Cunningham D, Allum WH, Stenning SP, et al. Perioperative chemotherapy versus surgery alone for resectable gastroesophageal cancer. New England Journal of Medicine 2006; 355: 11–20.
Cunningham D, Starling N, Rao S, et al. Capecitabine and oxaliplatin for advanced esophago-gastric cancer. New England Journal of Medicine 2008; 358: 36–46.
Hurt CN, Nixon LS, Griffiths GO, et al. SCOPE1: a randomised phase II/III multicentre clinical trial of definitive chemoradiation, with or without cetuximab, in carcinoma of the oesophagus. BMC Cancer2011; 11: 466.

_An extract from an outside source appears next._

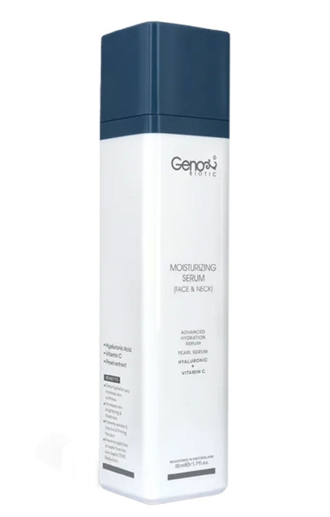 سرم رطوبت رسان صورت و گردن ژنوبایوتیک غنیترین ترکیبات مفید را به جهت رطوبت رسانی روزانه در خود دارد. یکی از مهمترین ترکیبات اصلی موجود در این سرم پوست، هیالورونیک اسید با وزن مولکول کم است که قدرت جذب بالایی داشته و علاوه بر آب رسانی قوی، موجب حفظ رطوبت پوست صورت در طول شبانه روز میشود. ویتامین سی به کار رفته در سرم پوست ژنوبایوتیک ( moisturizing serum ) موجب افزایش ترمیم بافت سلولی، رفع کدری پوست و درخشانتر شدن پوست میشود. علاوه بر آن عصاره مروارید به کار رفته در این سرم مرطوب کننده، به دلیل داشتن انواع مواد معدنی یک کمپلکس بسیار قوی برای آبرسانی و رفع مشکلات پوستی به حساب میآید و مشکلات پوستی اعم از خشکی، چروک و .. را درمان میکند.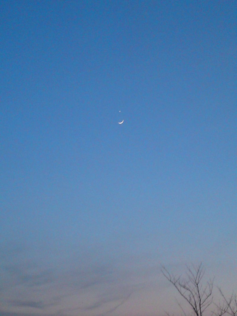お店の外にでると、三日月と金星が寄り添うように夜空に

Macdonald JS, Smalley SR, Benedetti J, et al. Chemoradiotherapy after surgery compared with surgery alone for adenocarcinoma of the stomach or gastroesophageal junction. New England Journal of Medicine2001; 345: 725–730.
NICE. Gastric cancer (HER2-positive metastatic) – trastuzumab. NICE Technology Appraisal Guidance 208, November 2010.
NICE. The PleurX peritoneal catheter drainage system for vacuum assisted drainage of treatment-resistant recurrent malignant ascites. NICE Medical Technology Guidance 9, March 2012.